Toffoli did the rest with a bullet over Connor Hellebuyck’s blocker.
After Gallagher’s second goal gave Montreal a 4-0 lead and chased Hellebuyck from his net, Joel Armia scored on the first shot Jets goaltender Laurent Brossoit faced. It was a play that started with Joel Edmundson and ended with Armia—with Jeff Petry, Nick Suzuki and Jonathan Drouin all getting a touch on the puck in between.
Talk about a loose and free play emanating from a suddenly unburdened Canadiens team.
If they had taken a 5-0 lead to the third before Paul Byron and Petry made it 7-0, it was in part thanks to Carey Price—the Canadiens goaltender who had to follow up a good outing against Ottawa on Tuesday with an even better one Saturday, just three days after the firing of goaltending coach Stephane Waite brought so much negativity to his bubble.
It was while the Canadiens were scrambling in the opening minutes that Price made settling saves on Paul Stastny and Pierre-Luc Dubois. He finished the night with confidence-inspiring saves on Neal Pionk and Mathieu Perreault, Winnipeg’s lone scorer, and came off the ice with a big smile on his face.
“I thought (Price) was really patient,” Ducharme said. “I thought he was really strong on the puck, square to the puck, facing the puck.

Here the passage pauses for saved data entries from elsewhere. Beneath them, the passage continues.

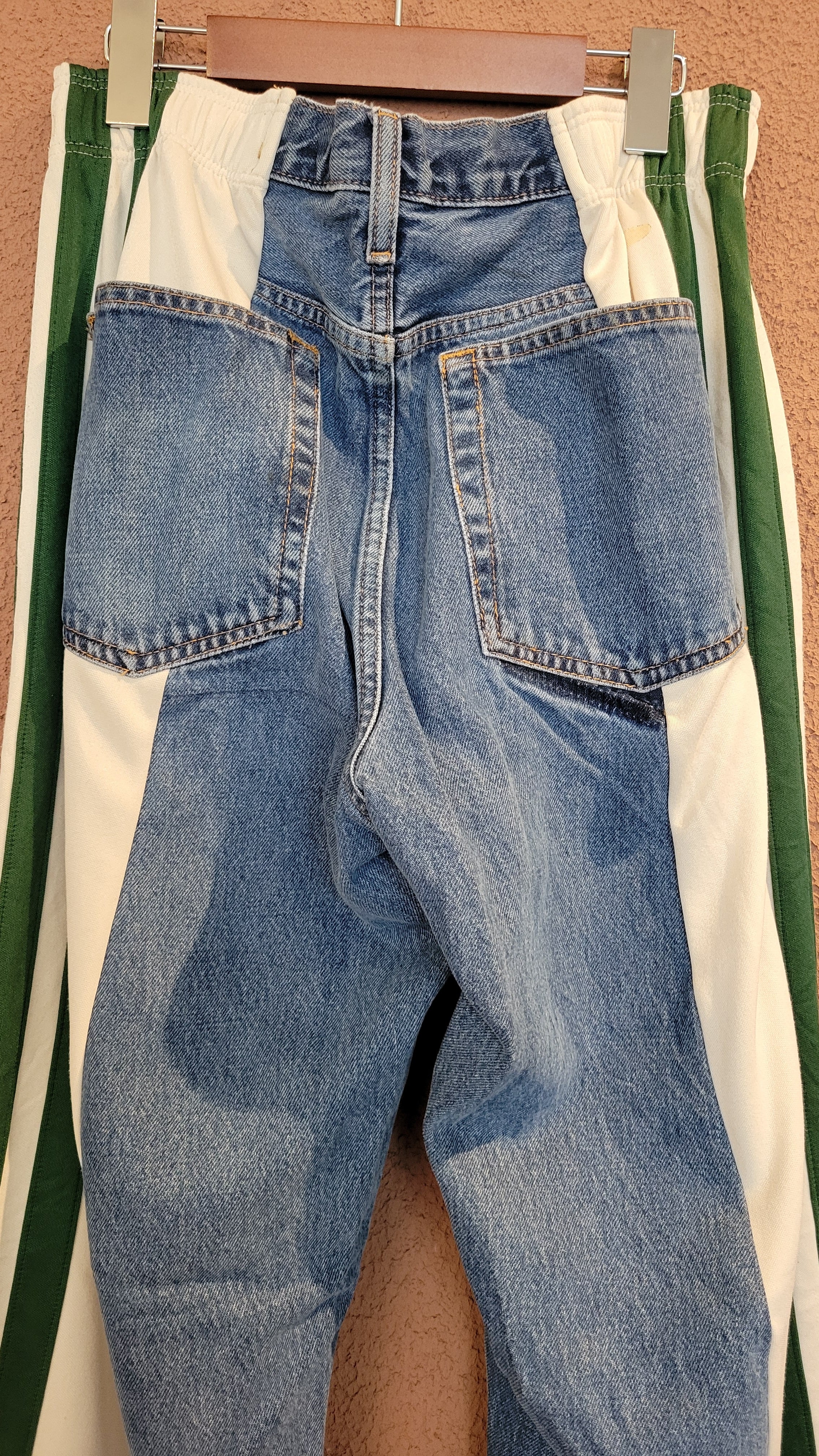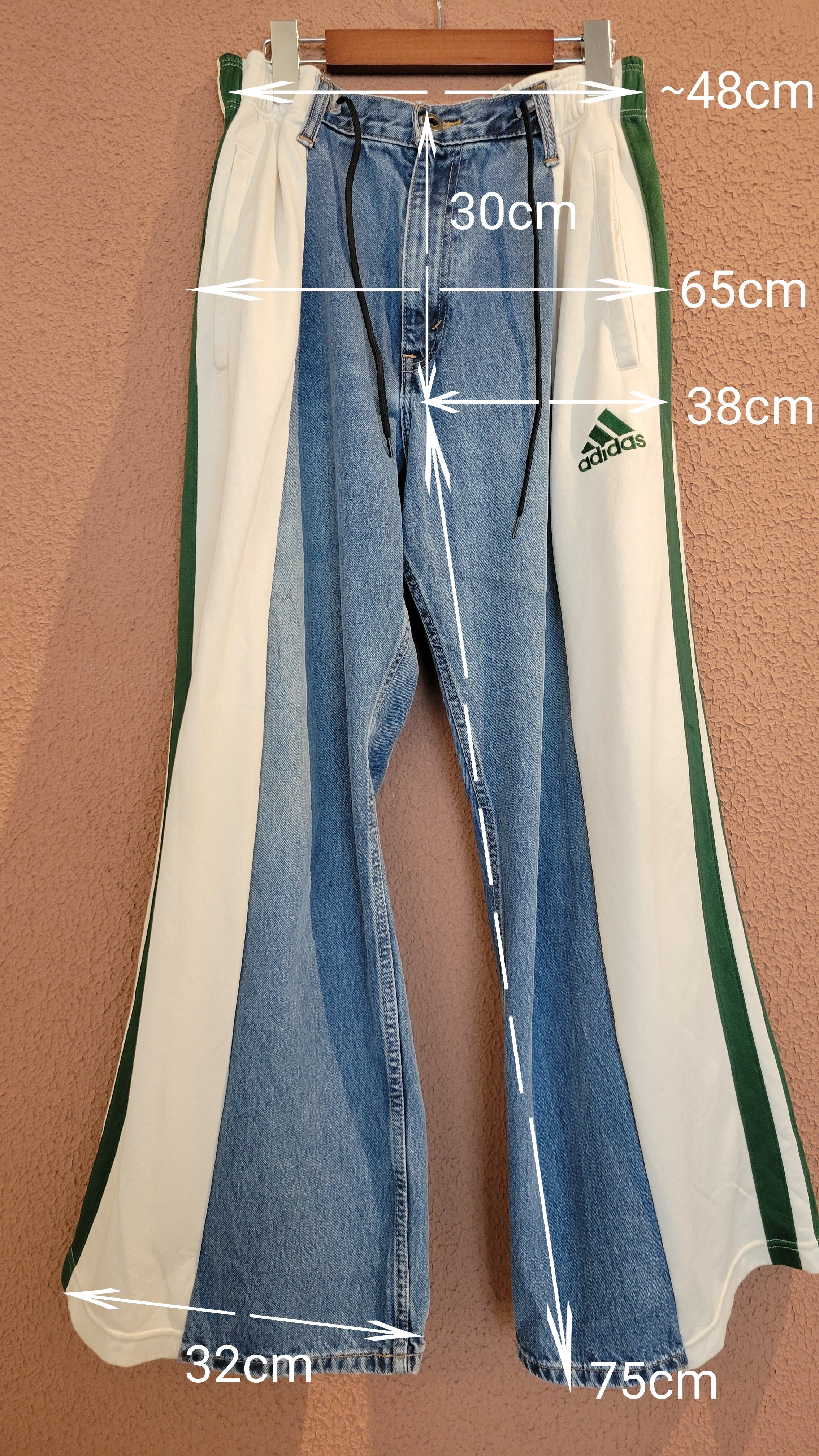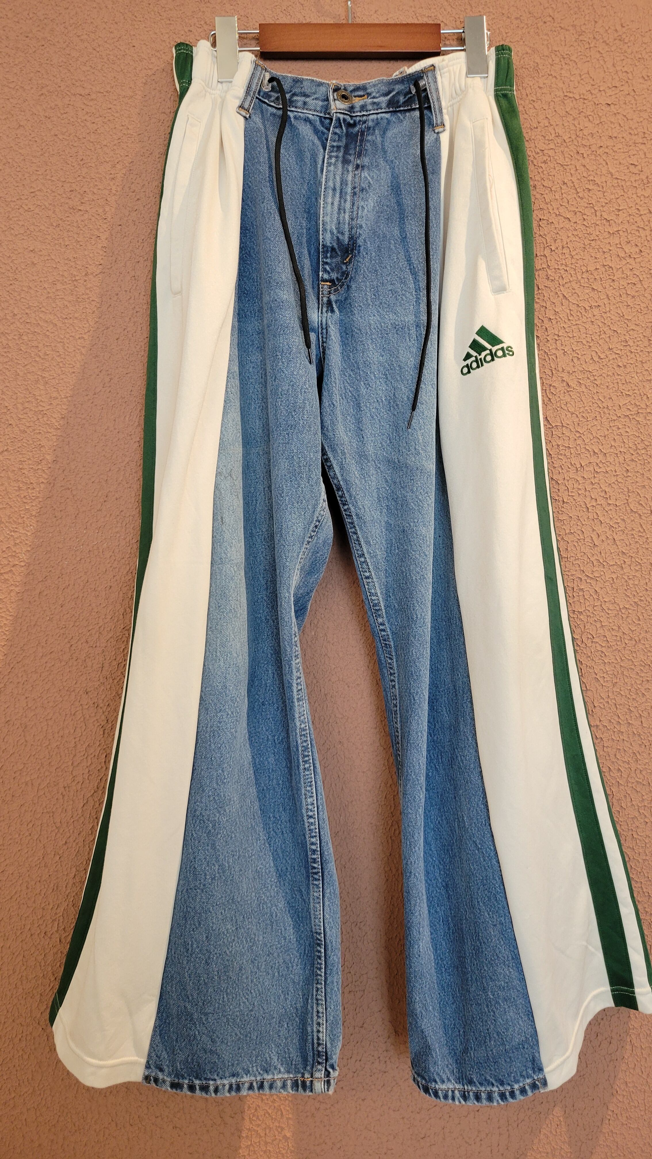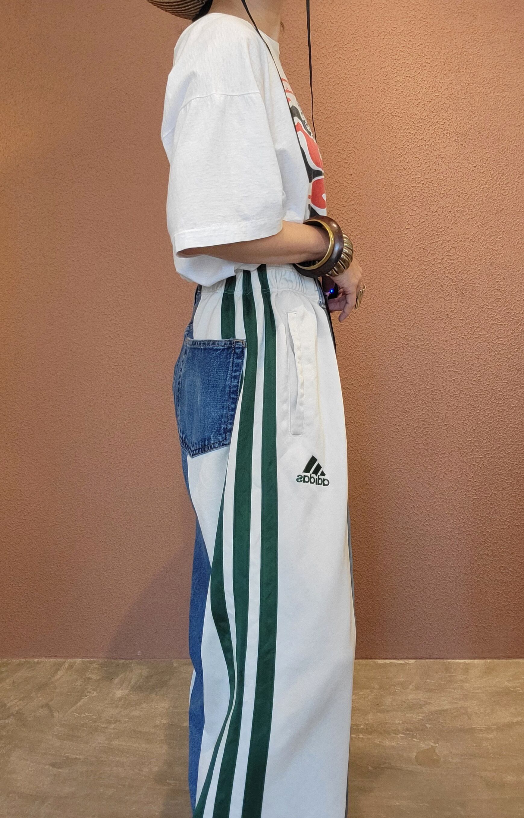 UsedデニムとUsedトラックパンツを掛け合わせたリメイクパンツ。ウエストはドローストリングでサイズ調節可能です。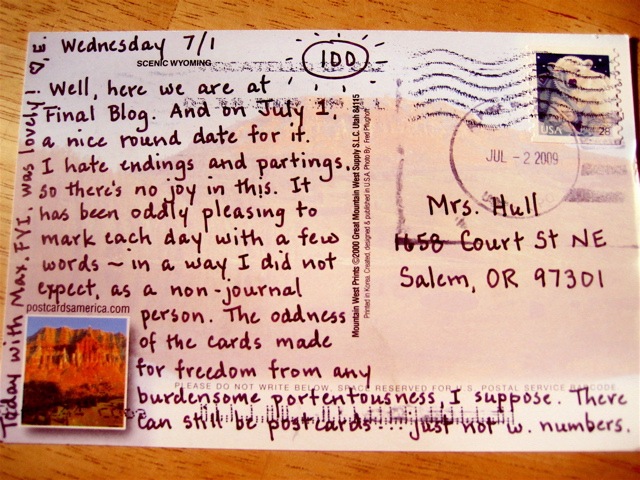 But then…she realized she liked it. She liked hunting for cards, she liked noting down a few thoughts about each day…and she knew, at the other end, I am an “archivist”…and that one day she’d get all the cards back and have a journal of sorts. The snail blog shifted gears. There were “series” of cards …”Evening,” “Domestic Interiors (a personal favorite),” “Men,” “Multiple Images,”…and then cards that are favorites like this one of Gibson’s bakery in Oberlin, Ohio…which Ellen sends over and over as she visits Oberlin on numerous road trips to visit family….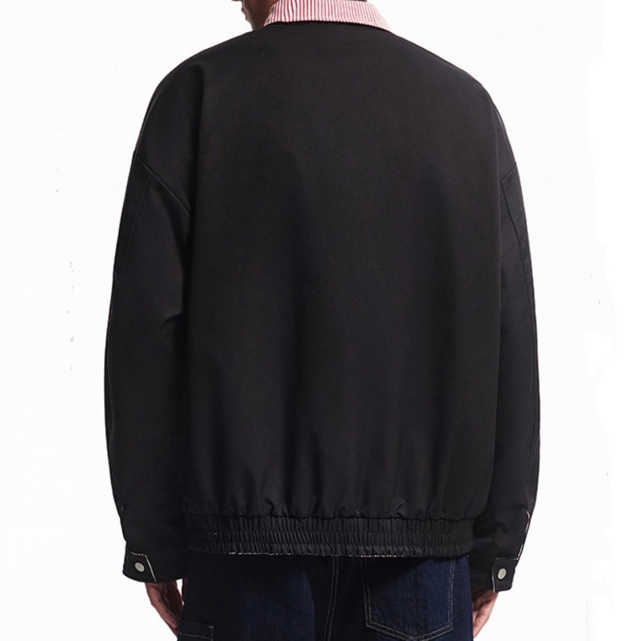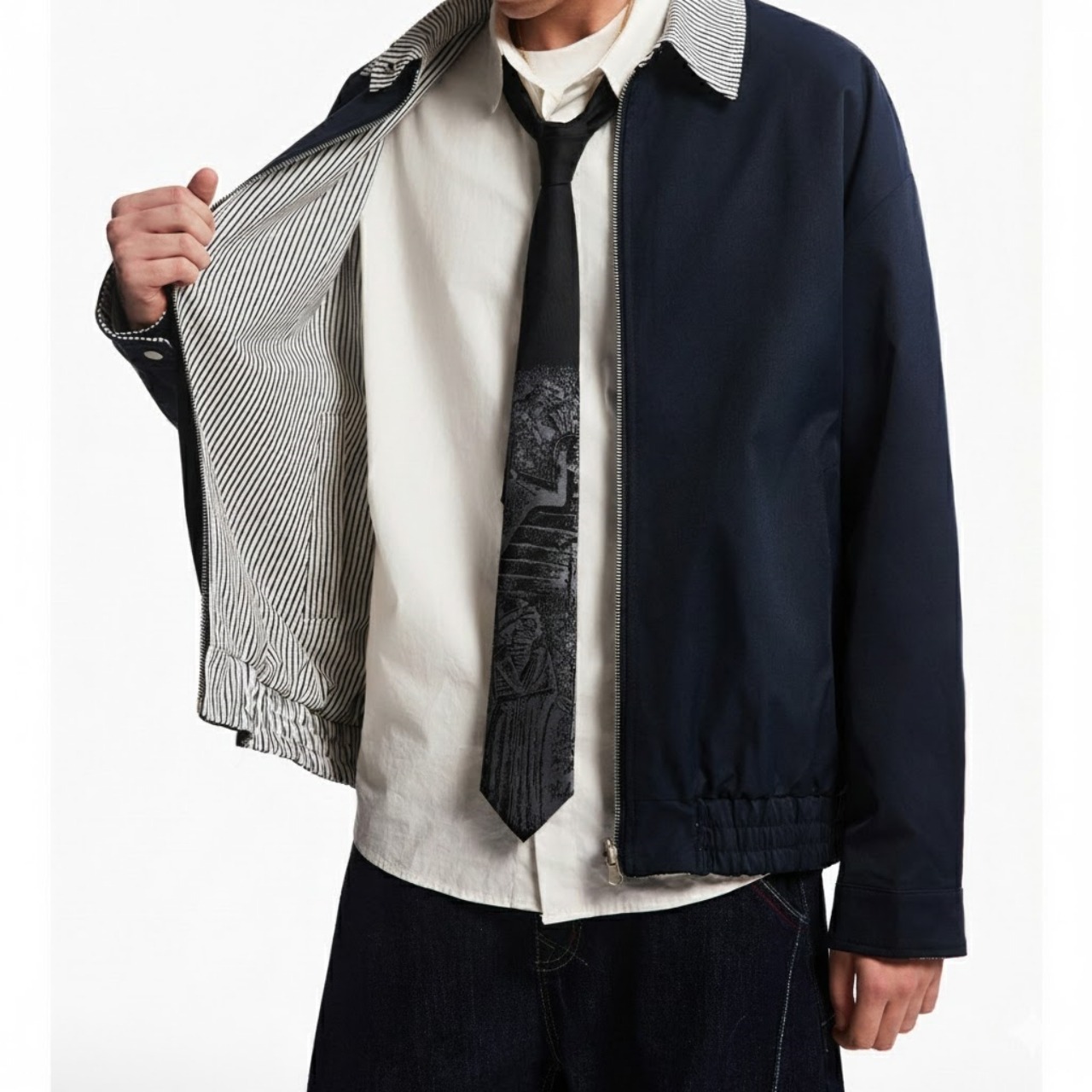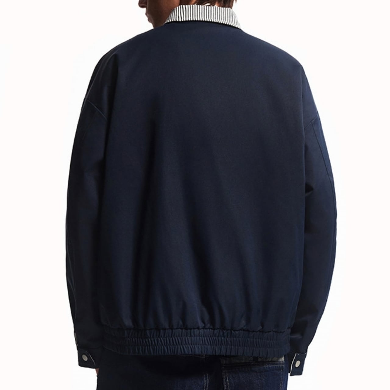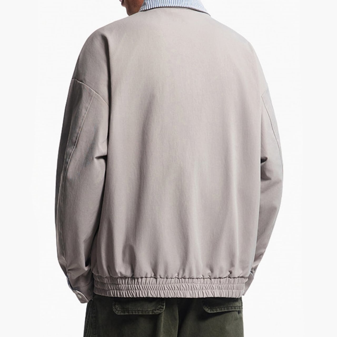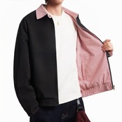 裏地にアクセントカラーのストライプ柄を配した、襟付きのシルエットが特徴です。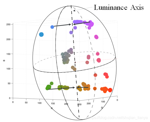 - 可以将图像中的颜色值投影到由椭球体主轴定义的亮度轴(luminance axis)上。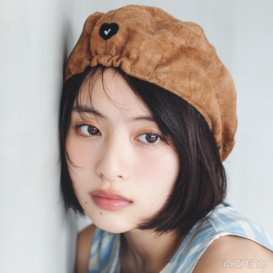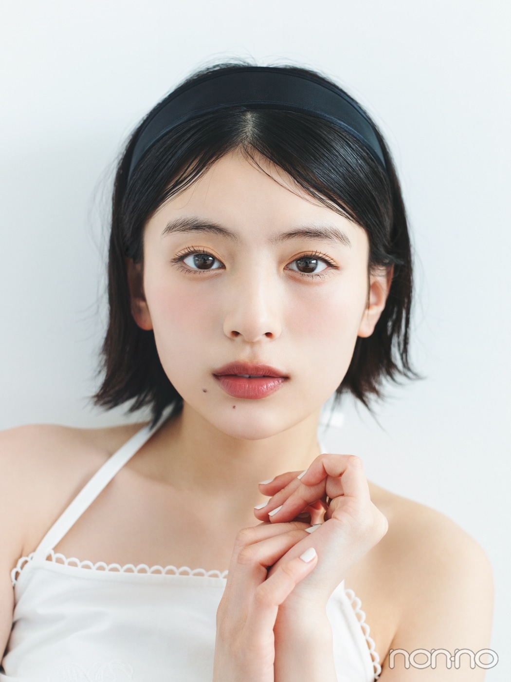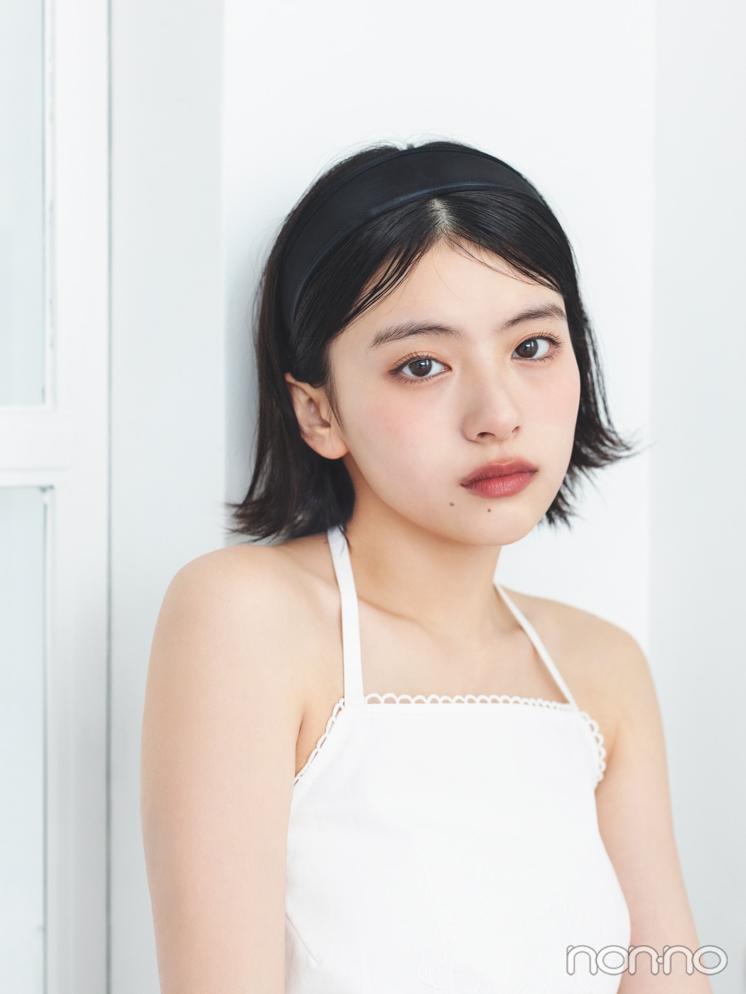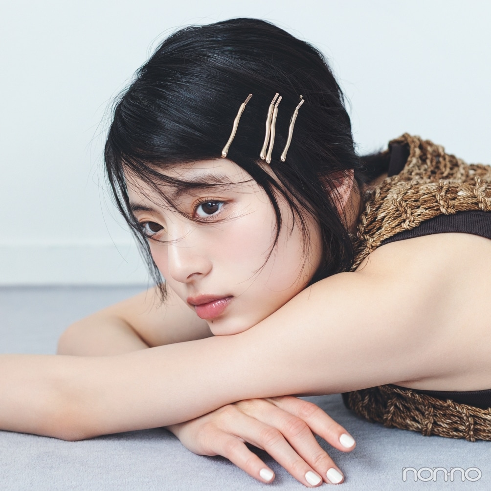 おしゃれ感度の高さをアピールするヘア小物がこの夏大豊作! たくさんのアイテムの中から、最近髪をばっさりカットして可愛さが超絶加速している夏希とともに、 “ボブヘアに似合う”ものをピックアップしてお届け。vol.6は黒髪ボブをドラマティックに味付けする、ブラックのシアーカチューシャをチェック。

He was moving well, so on every shot he looked really set and ready to receive everything coming at him.
“He’s working on his game, and he’s been for a while now. When you have a goalie that talented that is willing to work on his game like he does, you obviously, at one point, you know it’s going to turn around.”
You could say the same of this Canadiens team, which has been working so hard to implement the many changes Ducharme has made since taking over.
The players, who Danault said are completely bought in, were so in need of this kind of night.
“I was really happy for them,” Ducharme said. “To see them getting rewarded with a lot of success tonight. It won’t be like that every night. But to be rewarded—our players got rewarded tonight. It’s good for them, because they put in the work.”
There’s much more to do, with a six-game road trip beginning in Vancouver on Tuesday and ending in Winnipeg on Mar. 17, with a stop in Calgary in between for games against an underachieving Flames team chasing them in the standings and trying to build themselves up to where they should be under freshly-appointed coach Darryl Sutter.
Still, the Canadiens are continuing the process, feeling better about themselves than they did 24 hours prior.
“Tonight’s a good start in the right direction,” Anderson said. “I know there’s still little things in our game we have to clean up a bit, but we’re playing the right way, for sure.”